Dataset records below:
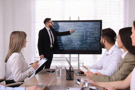 Male statistician use interactive whiteboard presentation touchscreen to look at charts in creative office.
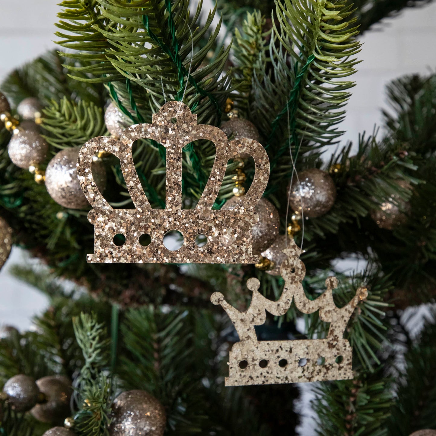 Gold glitter crown-shaped ornaments hanging on a Christmas tree.
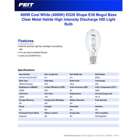 Feit 400 W ED28 HID Bulb 36000 lm Bright White Metal Halide 1 pk
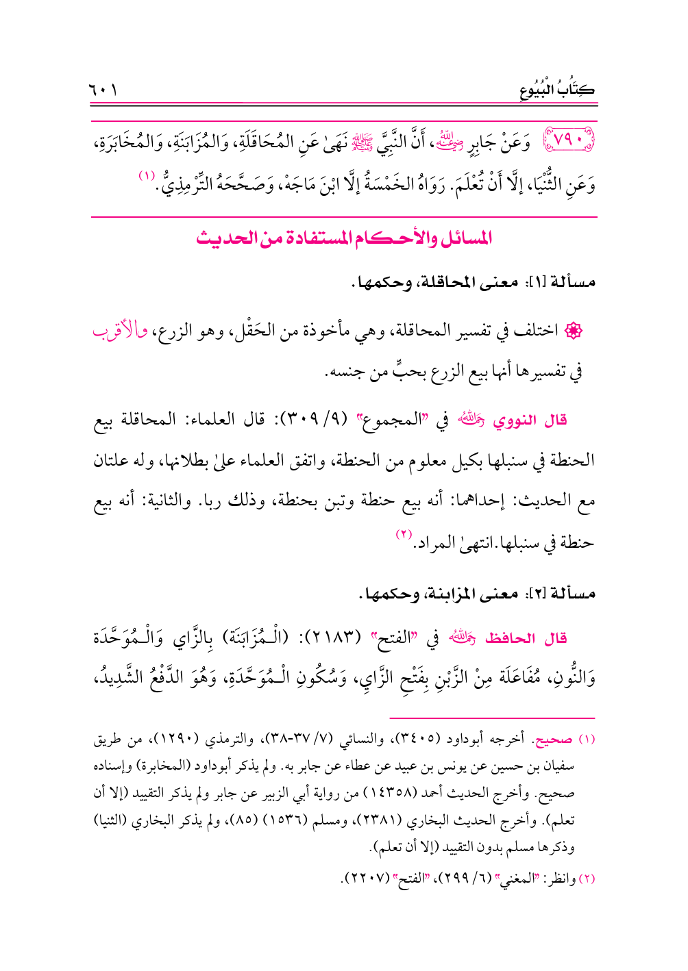 ٧٩٠ - وَعَنْ جَابِرٍ -رضي الله عنه-، أَنَّ النَّبِيَّ - صلى الله عليه وسلم - نَهَى عَنِ المُحَاقَلَةِ، وَالمُزَابَنَةِ، وَالمُخَابَرَةِ، وَعَنِ الثُّنْيَا، إلَّا أَنْ تُعْلَمَ. رَوَاهُ الخَمْسَةُ إلَّا ابْنَ مَاجَهْ، وَصَحَّحَهُ التِّرْمِذِيُّ. (¬١)
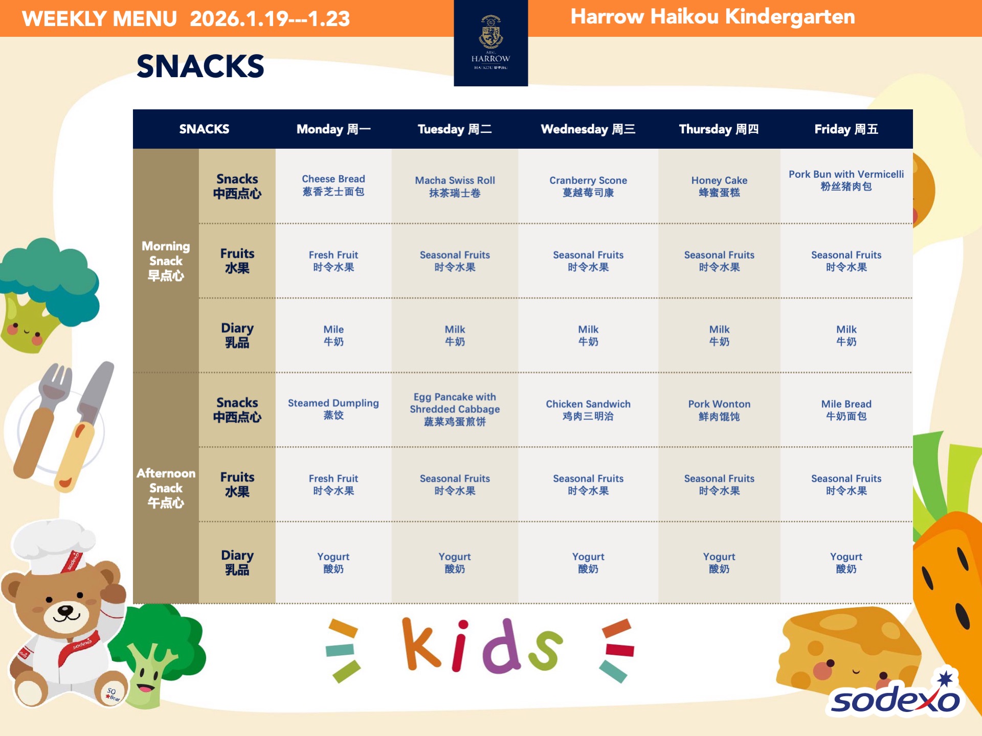 Sodexo索迪斯是我们目前合作的餐饮公司,这是一家全球领先的餐饮服务公司,于1966年成立于法国,自1995年起在中国开展业务。他们不仅拥有多年的行业经验,还致力于为学校的孩子们提供健康、安全、营养且美味的餐食。通过与索迪斯的合作,我们期待能够为孩子们带来更优质的用餐体验。更多信息,请访问其网站:https://cn.sodexo.com
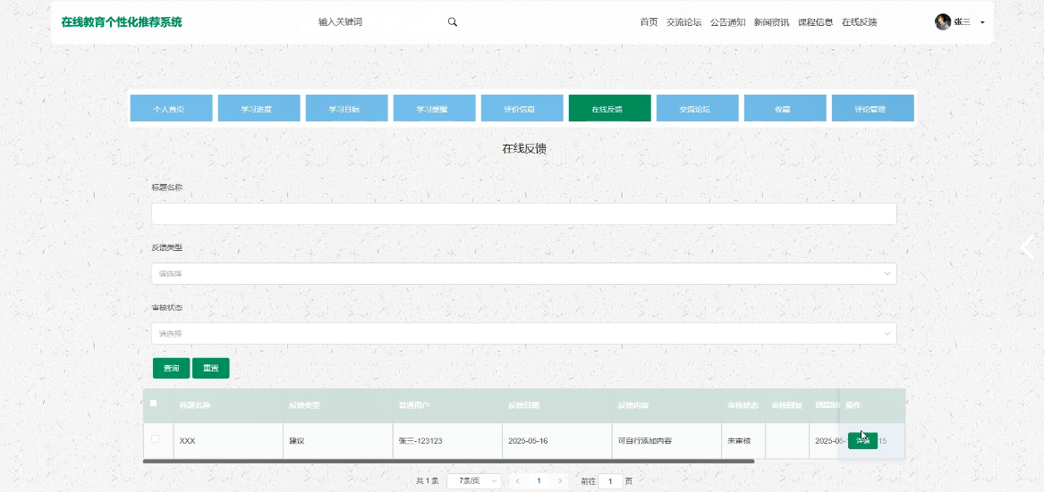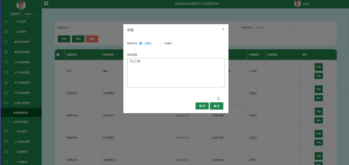 处理用户提交的意见和建议,及时响应问题,持续优化平台功能与服务体验。在线反馈管理界面如图5-12所示。
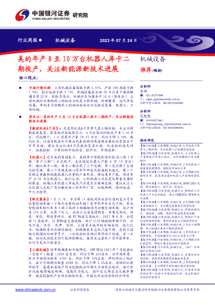 中国银河:机械设备行业周报:美的年产8至10万台机器人库卡二期投产,关注新能源新技术进展.pdf
End of Dataset records.
What you should do
Except for the pictures, please retype the listing above exactly.

Written answer
 Male statistician use interactive whiteboard presentation touchscreen to look at charts in creative office.
 Gold glitter crown-shaped ornaments hanging on a Christmas tree.
 Feit 400 W ED28 HID Bulb 36000 lm Bright White Metal Halide 1 pk
 ٧٩٠ - وَعَنْ جَابِرٍ -رضي الله عنه-، أَنَّ النَّبِيَّ - صلى الله عليه وسلم - نَهَى عَنِ المُحَاقَلَةِ، وَالمُزَابَنَةِ، وَالمُخَابَرَةِ، وَعَنِ الثُّنْيَا، إلَّا أَنْ تُعْلَمَ. رَوَاهُ الخَمْسَةُ إلَّا ابْنَ مَاجَهْ، وَصَحَّحَهُ التِّرْمِذِيُّ. (¬١)
 Sodexo索迪斯是我们目前合作的餐饮公司,这是一家全球领先的餐饮服务公司,于1966年成立于法国,自1995年起在中国开展业务。他们不仅拥有多年的行业经验,还致力于为学校的孩子们提供健康、安全、营养且美味的餐食。通过与索迪斯的合作,我们期待能够为孩子们带来更优质的用餐体验。更多信息,请访问其网站:https://cn.sodexo.com
 处理用户提交的意见和建议,及时响应问题,持续优化平台功能与服务体验。在线反馈管理界面如图5-12所示。
 中国银河:机械设备行业周报:美的年产8至10万台机器人库卡二期投产,关注新能源新技术进展.pdf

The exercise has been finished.